Enjoy your Mastodon filter bubble while it lasts.


Header image: “A watercolor painting of a happy purple mammoth in a green field”, Fabian A. Scherschel × DALL·E


I’m seeing a lot of people on various Fediverse services post things along the lines of: Since I’ve left Twitter (or “the birdsite” as they tend to call it), things have gotten so much better. The Discourse is more civil, people are nicer, the whole experience is so much better for my mental health…

Now, I’ve wanted federated microblogging to succeed since identi.ca and I’m still all for it. But, as I have explained several times before, I doubt that Mastodon and other services can succeed at a meaningful scale. But, of course, I could be wrong about this. And in this case, I’d be very happy if that was the case.

But I do wonder if people realise what it means for the Fediverse in case I should be proven wrong about this. Do they realise that the perceived positives they are talking about have nothing to do with the network, the underlying technology or, indeed, who runs the service they are using? Do they realise that the things they currently like about the Fediverse are purely a function of it being unpopular? The Fediverse now is very much what Twitter was in 2008: An enclave for nerds and early adopters.

Don’t get me wrong: I enjoyed early Twitter as much as the next guy. But should the Fediverse actually be successful and replace “the birdsite”, it’s going to go the same way Twitter went – in fact, it will become Twitter. What people are enjoying about the Fediverse experience right now is, in essence, the absence of normal people. It is an extreme version of a filter bubble. And what they actually hate about “the birdsite” – well, aside from it belonging to Elon Musk – is the behaviour and opinions of other human beings.

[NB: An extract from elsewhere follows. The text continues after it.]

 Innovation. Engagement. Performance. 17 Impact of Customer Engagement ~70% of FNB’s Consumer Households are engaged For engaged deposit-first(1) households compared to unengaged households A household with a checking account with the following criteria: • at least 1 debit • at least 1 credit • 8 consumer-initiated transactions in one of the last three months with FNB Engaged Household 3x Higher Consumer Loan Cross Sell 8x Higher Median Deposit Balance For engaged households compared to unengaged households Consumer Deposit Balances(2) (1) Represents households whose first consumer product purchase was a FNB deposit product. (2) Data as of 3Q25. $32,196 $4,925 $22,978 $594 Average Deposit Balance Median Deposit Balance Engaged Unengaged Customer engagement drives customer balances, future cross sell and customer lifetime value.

I’ve maintained for years that the things people actually are complaining about when, on the face of it, they complain about Twitter – “toxic” behaviour, trolling, things that are termed hate speech (but legally aren’t) and political divisions – are, in essence, a problem with the people, not the platform. If enough people join your platform, you’re going to have people problems. Stop deluding yourself into thinking changing the platform or underlying technology will fix these issues. It won’t. You can’t fix people. And you shouldn’t try, either.